Blue and Green World Map wallpaper – Obama vs. Ryan, What apples-to-apples budget comparison?

Blue and Green World Map wallpaper

James Pethokoukis, an economics pundit who has written for the right-wing The Weekly Standard, Commentary and Investor’s Business Daily posted this on Reuters,  The $4 trillion gap: Obama vs. Ryan, an apples-to-apples budget comparison. His conclusion is all one needs to know as to why far Right blogs across the net were thrilled to find some straw to gasp after the beating Paul Ryan’s Road Map to Hell took for eviscerating Medicare and relying on some preposterous modeling, that for example, relied on a 2.3% unemployment rate by 2021. Most economists agree that the U.S. and most modern western free market economies can expect 4 or 5 percent unemployment under the best of circumstances ( some of it is just structural – seasonal workers, workers in career transitions, etc).
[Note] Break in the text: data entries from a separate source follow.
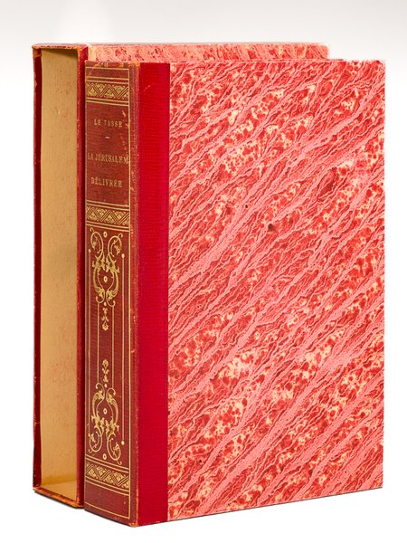 Traduction nouvelle et en prose par M. V. Philipon de la Madelaine, augmentée d'une description de Jérusalem par M. de Lamartine, édition illustrée par Mm. Baron et C. Nanteuil, 1 vol. grand in-8 br. sous couverture postérieure cartonnée sous chemise en demi-maroquin à grains long imitant une reliure romantique et étui bordé, J. Mallet et Cie, Paris, 1841, 4 ff., XX-525 pp. et 1 f. n. ch. avec portrait du Tasse en frontispice, 21 figures hors texte gravées sur bois, sans légende, tirées sur chine appliqué et au moins 150 vignettes sur bois dans le texte Curieux exemplaire rapporté dans une modeste couverture postérieure et conservé sous une belle chemise sous étui, de belle provenance (ex-libris Paul Gavault, lég. frott. à l'étui, rouss.).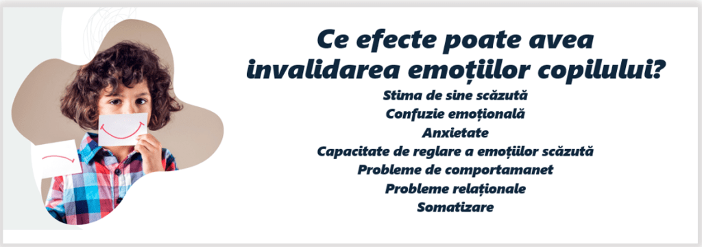 Invalidarea emoțiilor poate duce, de asemenea, la ascunderea lor. Copilul învață că este inacceptabil să simtă furie, spre exemplu, și se va învinovăți pentru că are o astfel de stare. Respectul său de sine ar avea de suferit, deoarece ar reacționa automat la furie de ca și cum ar fi o persoană rea.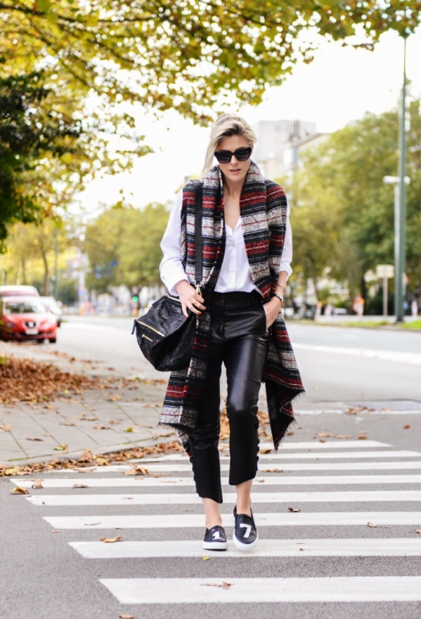 黑色皮裤搭配白色衬衫打造出流行的中性风格,几何剪裁的拼色条纹围巾随心所欲的搭在肩上,简约大气,前卫时尚。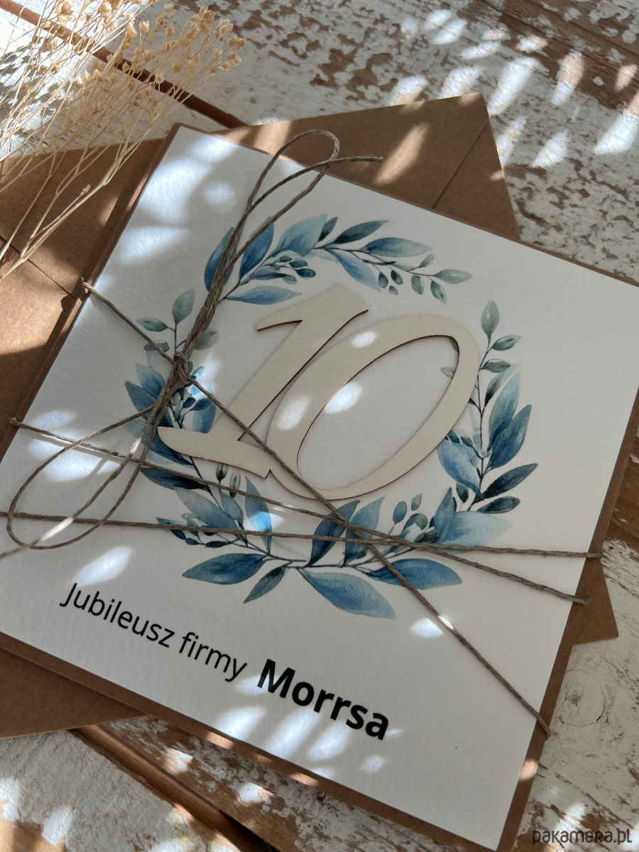 Ręcznie robiona kartka na 10 jubileusz firmy z personalizacją (10-lecie działalności)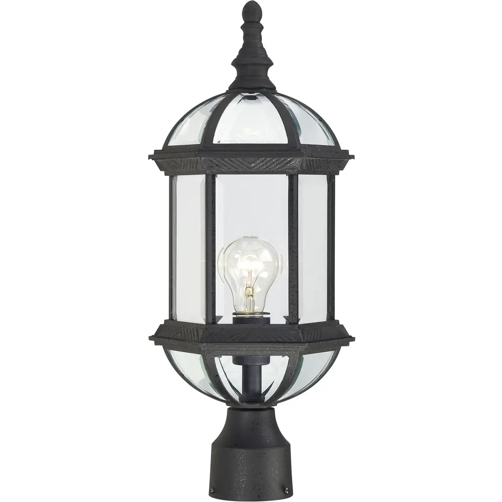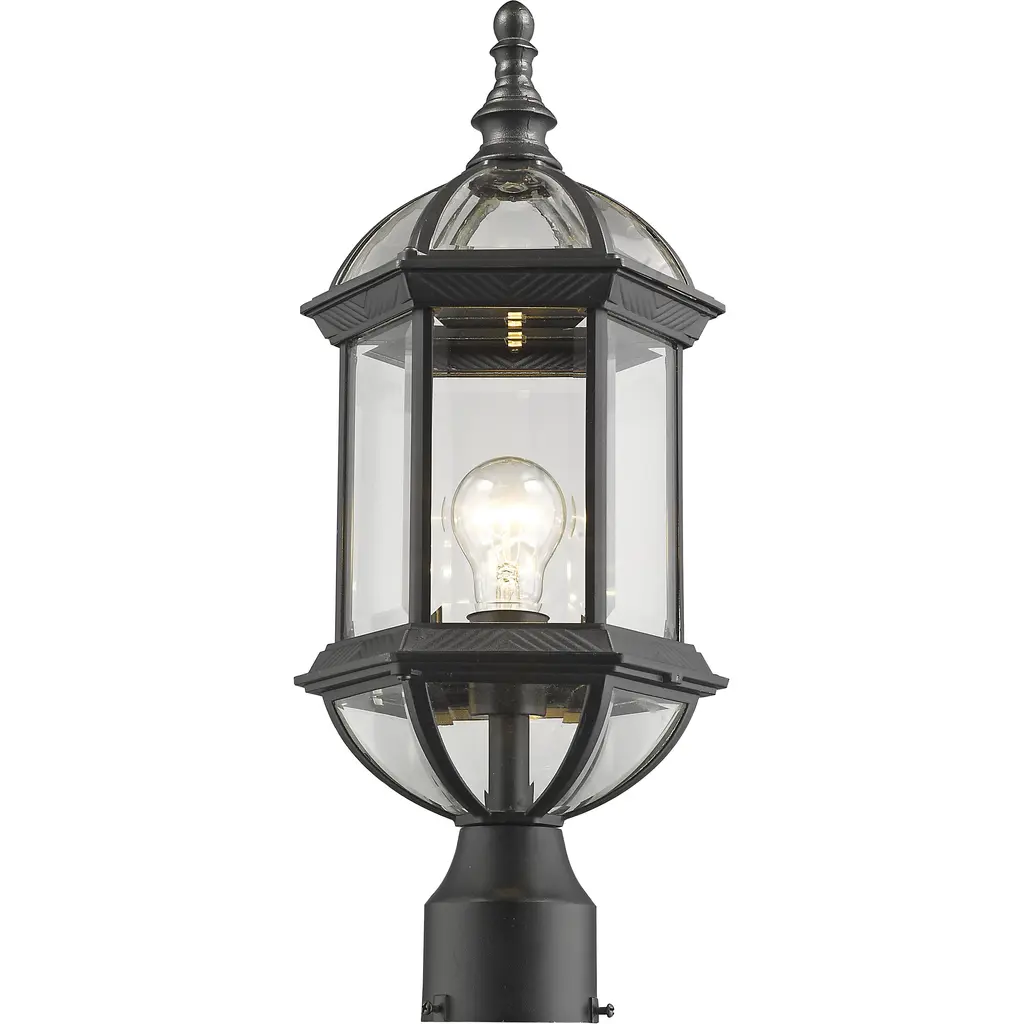 One Light Outdoor Post Mount from Barrie collection in Tannery Bronze finish. Number of Bulbs 1. Max Wattage 100.00. No bulbs included. This 1 light outdoor post from the Barrie collection is a perfect outdoor embellishment with classic and sophisticated details. Made from cast aluminum, this outdoor light is able to withstand the elements and features a beautiful Tannery Bronze(TM) finish with clear beveled glass panels. No UL Availability at this time.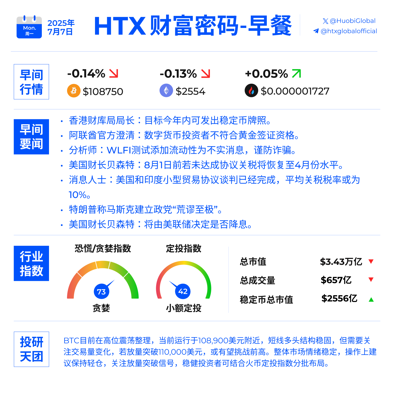 今日市场动态亮点:8月1日前若未达成协议关税将恢复至4月份水平;香港目标今年内可发出稳定币牌照。

A  couple red lights should go off for critical readers of Pethokoukis’s interpretation of a study he says was done by Goldman-Sachs.

* Where is that Goldman Sachs Study? Hard to argue with numbers that you can’t crunch. I would agree that the Obama budget proposals are stretchy or vague. Those numbers are probably some version of the Fiscal Commission’s proposal (Simpson-Bowles). But may also include some of the Bipartisan Policy Center’s plan (Rivlin-Domenici) plan. So if we’re to uphold the spirit of apples to apples comparison, implying bare knuckles honesty and critical analysis. How do does  Pethokoukis and his spiritual economics guru find an absolute difference between the Obama plan and the Road Map plan of $3.9 trillion dollars in federal savings over exactly ten years.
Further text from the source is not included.